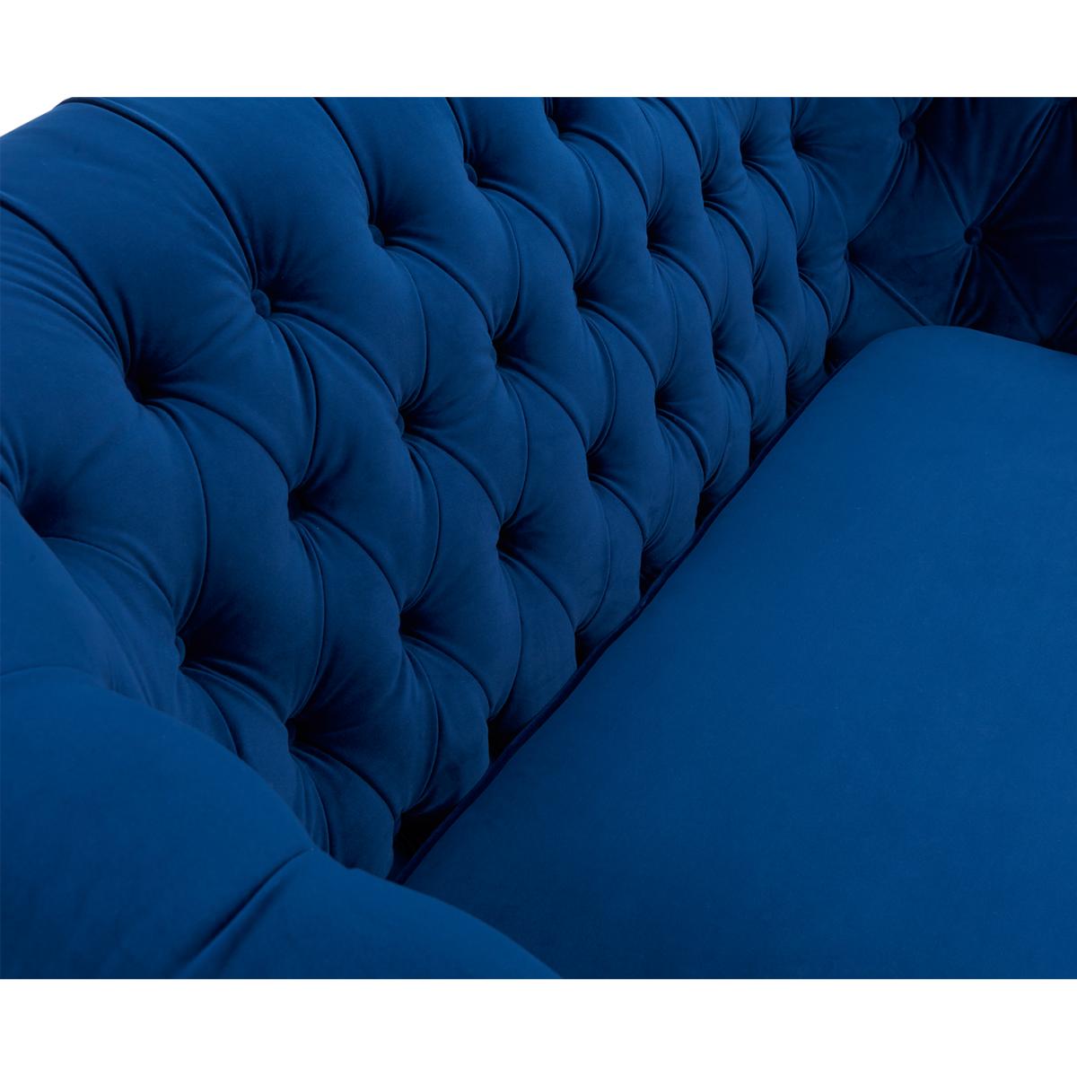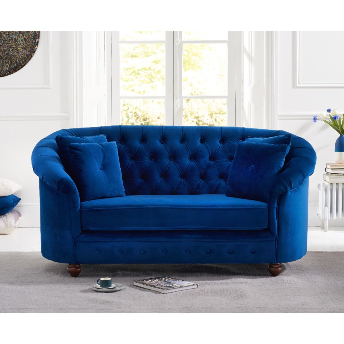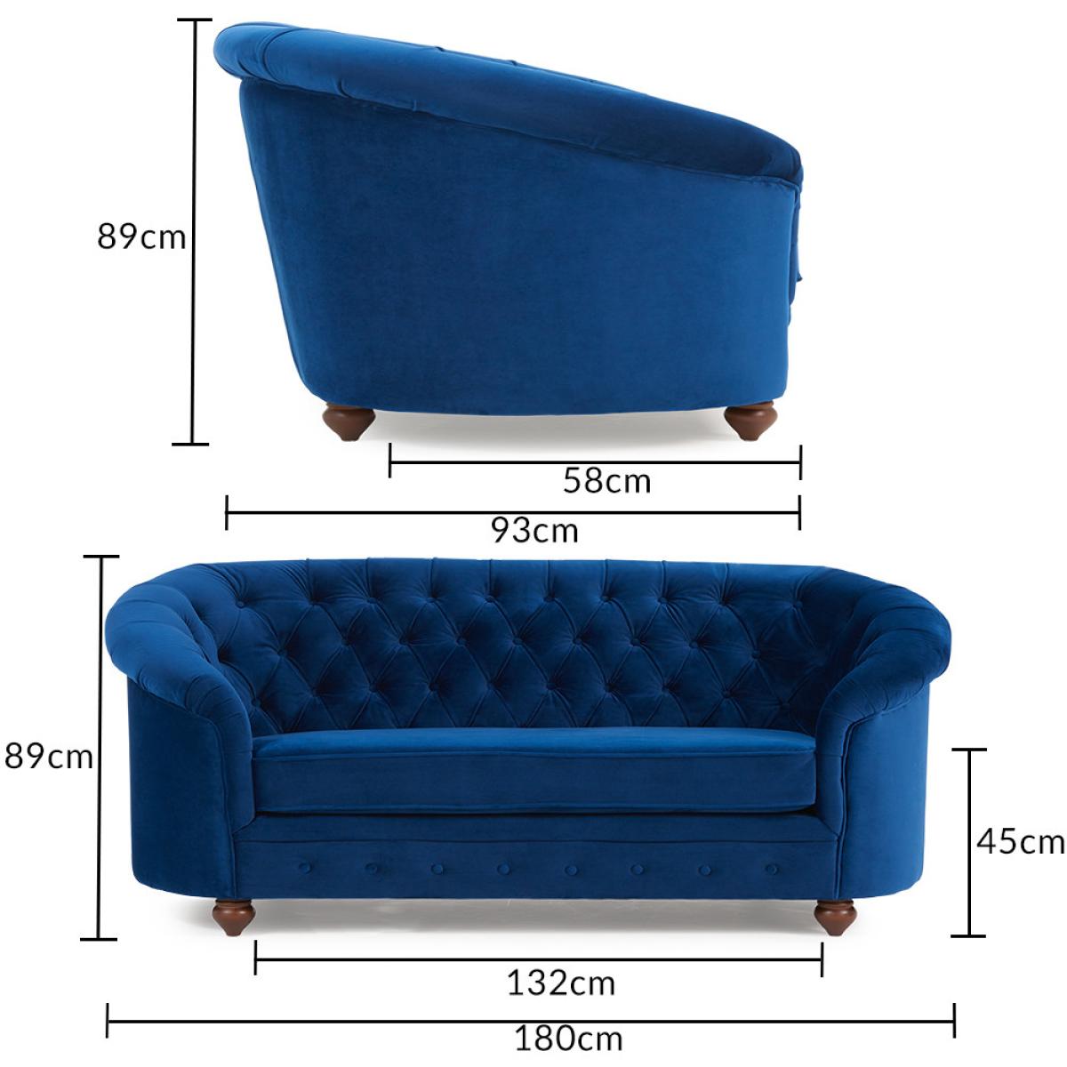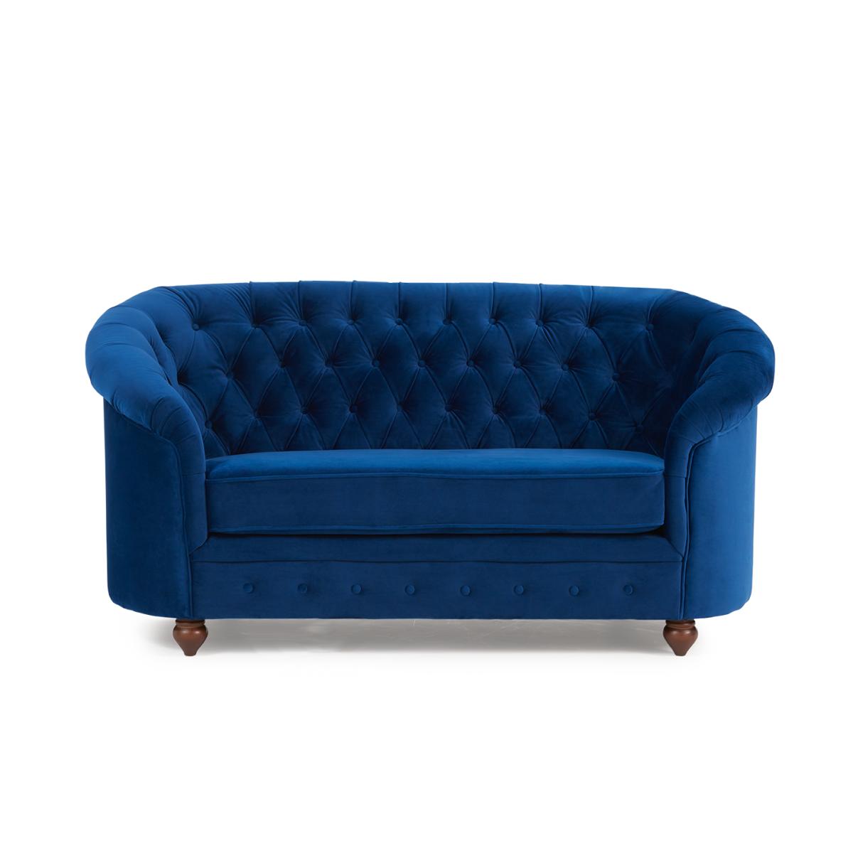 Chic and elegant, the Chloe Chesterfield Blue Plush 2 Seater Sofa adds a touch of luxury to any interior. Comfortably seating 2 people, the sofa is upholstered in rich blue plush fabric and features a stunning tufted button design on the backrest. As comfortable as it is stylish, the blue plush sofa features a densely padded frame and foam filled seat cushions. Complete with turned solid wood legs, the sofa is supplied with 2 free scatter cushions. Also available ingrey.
---
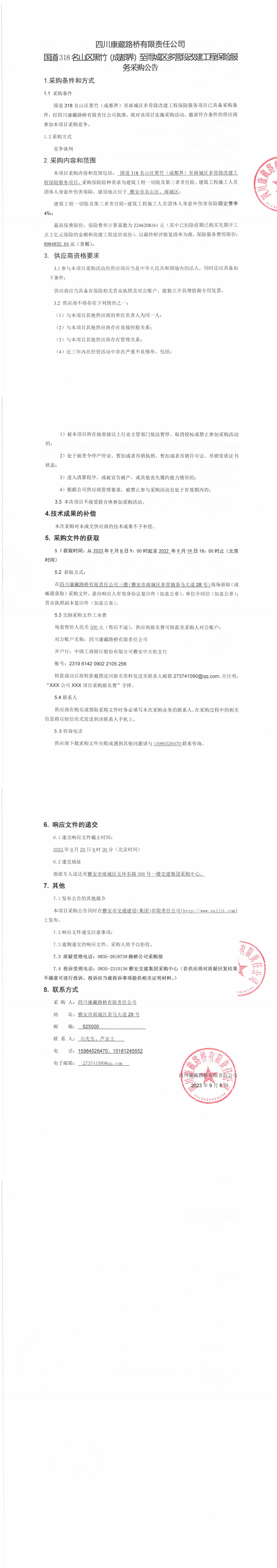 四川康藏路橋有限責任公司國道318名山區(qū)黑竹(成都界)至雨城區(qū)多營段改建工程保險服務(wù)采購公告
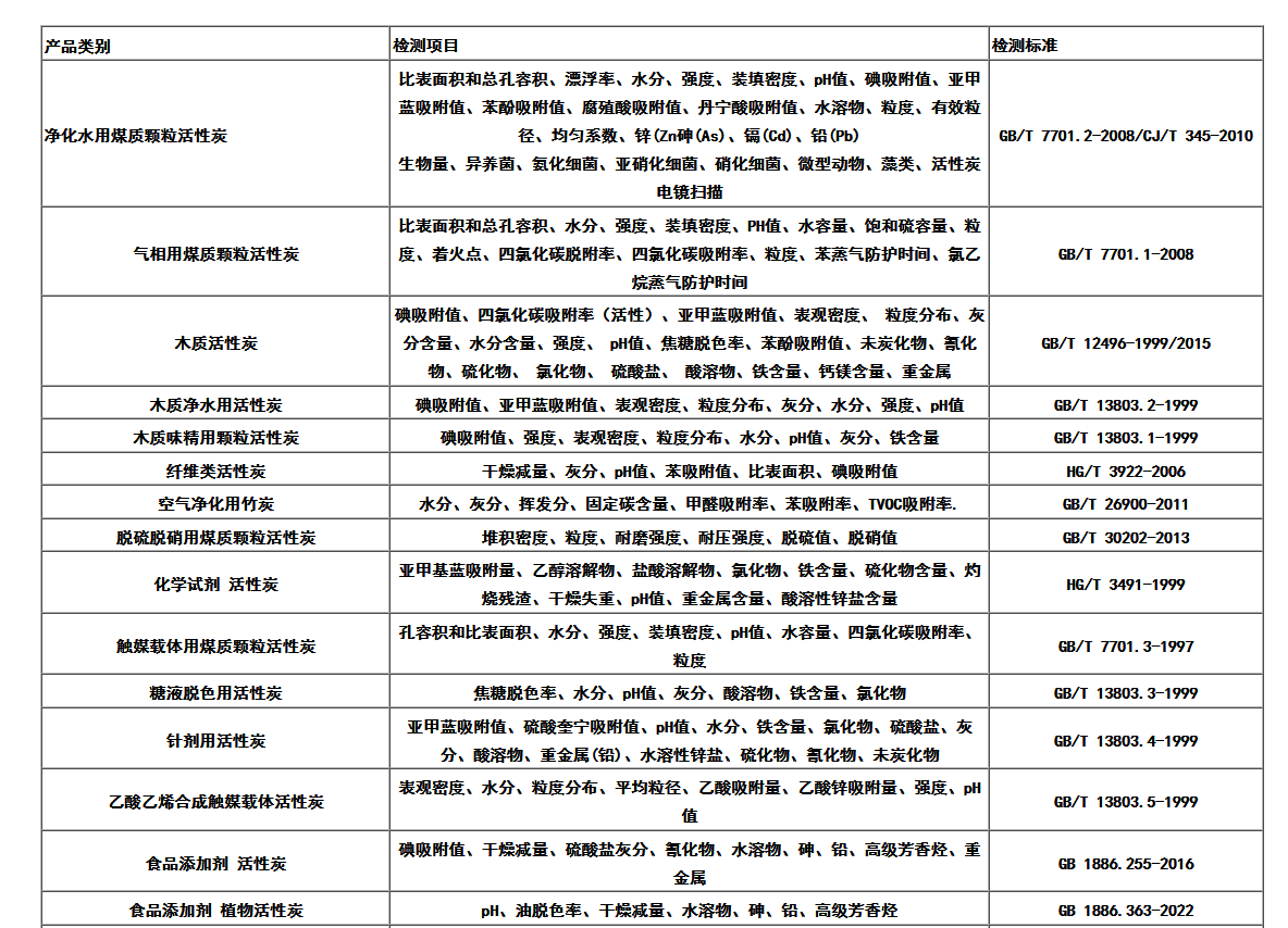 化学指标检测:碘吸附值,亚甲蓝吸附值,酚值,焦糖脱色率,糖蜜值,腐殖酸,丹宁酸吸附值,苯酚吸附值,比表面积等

**Problem statement**
Range to copy from the listing above: the line with "四川康藏路橋有限責任公司國道" through the line with "化学指标检测:碘吸附值,亚甲". Transcribe it exactly and skip the pictures.

**Solution to this problem**
 四川康藏路橋有限責任公司國道318名山區(qū)黑竹(成都界)至雨城區(qū)多營段改建工程保險服務(wù)采購公告
 化学指标检测:碘吸附值,亚甲蓝吸附值,酚值,焦糖脱色率,糖蜜值,腐殖酸,丹宁酸吸附值,苯酚吸附值,比表面积等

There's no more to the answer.